Medical management of hormones

Do not offer genitoplasty during childhood

All CAH need lifelong hydrocortisone replacement +/- fludrocortisone if salt wasting

Specific management depending on presence of Y material in gonad and chosen gender

46 XY undervirilised OR Sex chromosome

If female:

CAIS - post pubertal gonadectomy

PAIS - peripubertal gonadectomy

Sex chromosome (including 45X+Y) Gonadectomy early if high risk, can wait if low risk

If male:

Orchidopexy + biopsy 1 side pre-pubertal and bilateral post pubertal

If malignancy - gonadectomy or irradiation

In all cases consider cryopreservation

If unclear gender identity or if unsure presence of Y chromosome material - bilateral biopsy + MDT

46XX virilised - No need for gonadectomy - will have mullerian structures

Persistent Mullerian duct syndrome

Take to MDT

Leave mullerian structures alone unless symptomatic/complications - risk of damage to adherent vas

Orchidopexy

No fertility if Y chromosome

If severe hypospadias bilateral palpable gonads - do FISH + Karyotype but likely Hypospadias

If unilateral palpable gonads - treat as DSD

Diagnostic paradigm is whether 46XY DSD is present

Treatment paradigm is if raised as male - how to manage hypospadias + gonads

References

Hughes IA, Houk C, Ahmed SF, Lee PA; LWPES Consensus Group; ESPE Consensus Group. Consensus statement on management of intersex disorders. Arch Dis Child. 2006 Jul;91(7):554-63. doi: 10.1136/adc.2006.098319. Epub 2006 Apr 19. PMID: 16624884; PMCID: PMC2082839.

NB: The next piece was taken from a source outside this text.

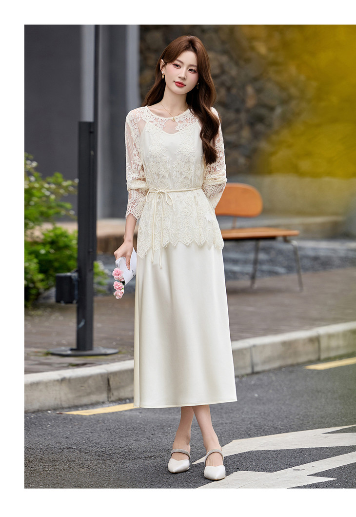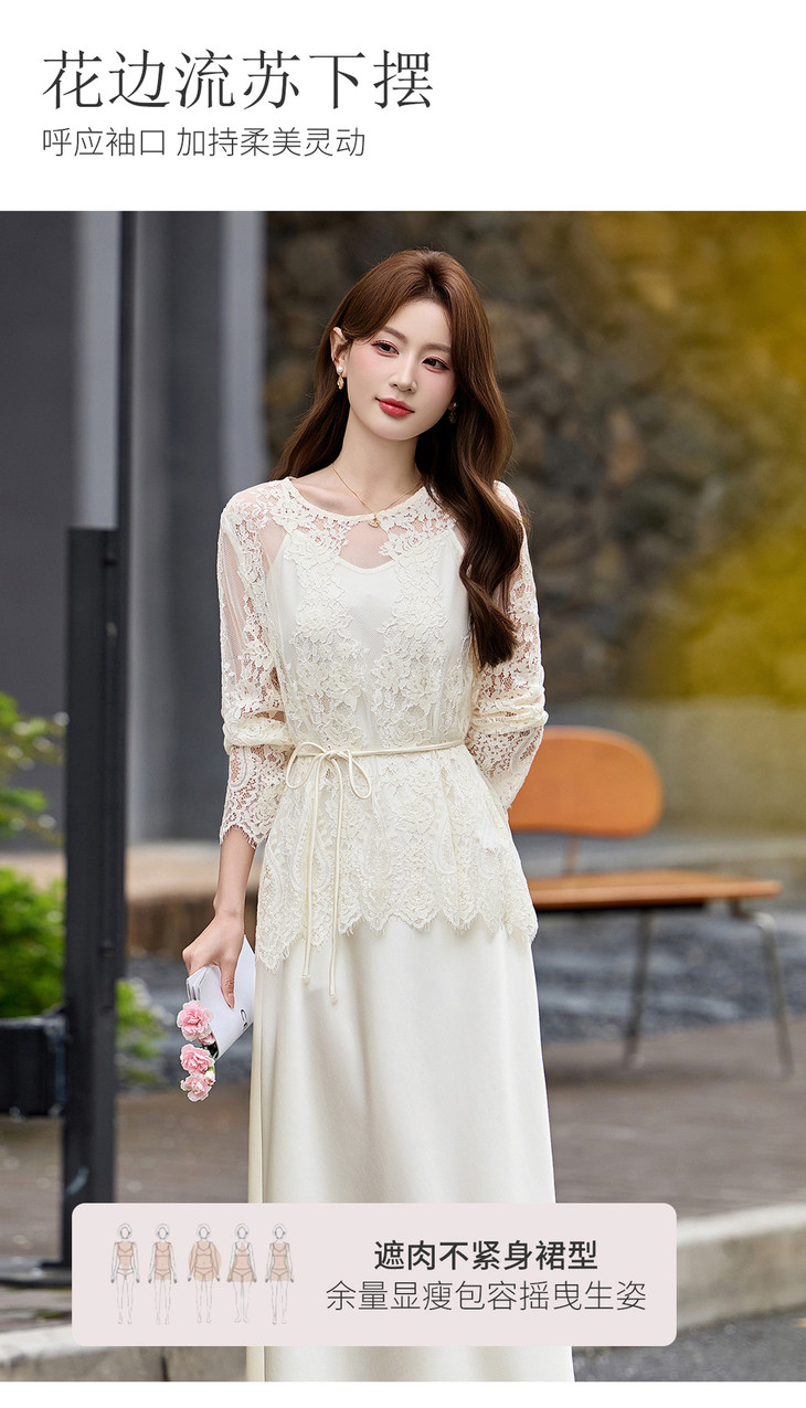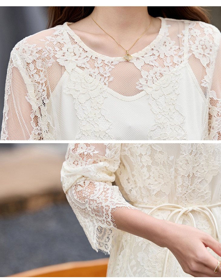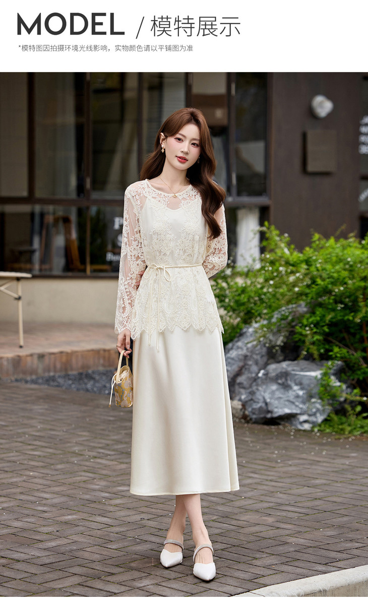 2026夏季新款式气质蕾丝镂空罩衫吊带裙两件套连衣裙YF2712 商品图4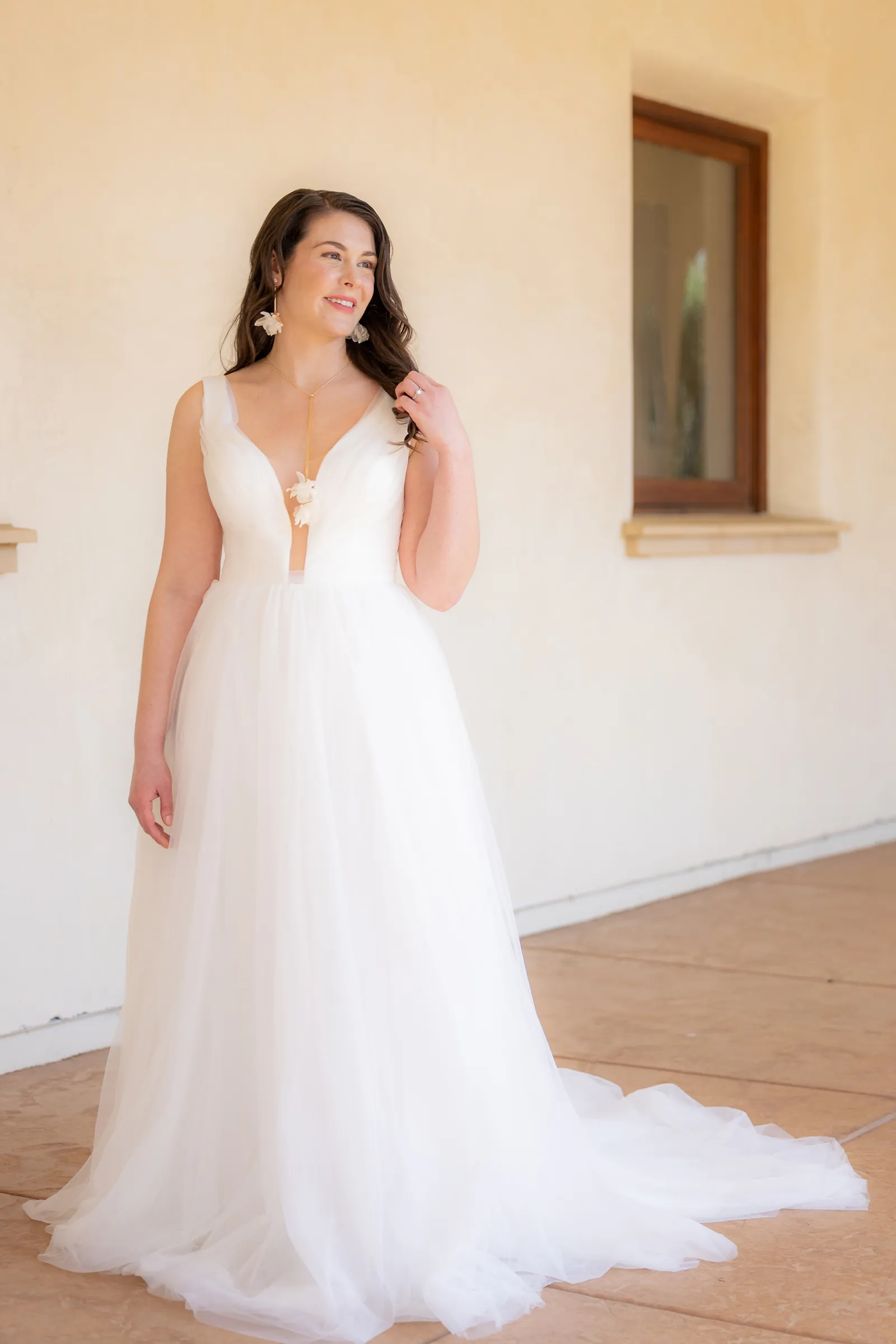 Lainy + Jack: It was even better than we expected! Wendy deftly balanced running a tight ship while also keeping things light and very fun. The photographers were true professionals and were lovely to work with. The hair and makeup team worked wonders in very short amounts of time while also being personable and making the experience as pleasant as possible. The venue was gorgeous, and it felt like such a dream being able to model different wedding-day looks.

Essentials of Pediatric Urology, 3rd edition, 2022, Chapter 20 Disorders of Sex Development

van der Zwan YG, Biermann K, Wolffenbuttel KP, Cools M, Looijenga LH. Gonadal maldevelopment as risk factor for germ cell cancer: towards a clinical decision model. Eur Urol. 2015 Apr;67(4):692-701. doi: 10.1016/j.eururo.2014.07.011. Epub 2014 Sep 18. PMID: 25240975.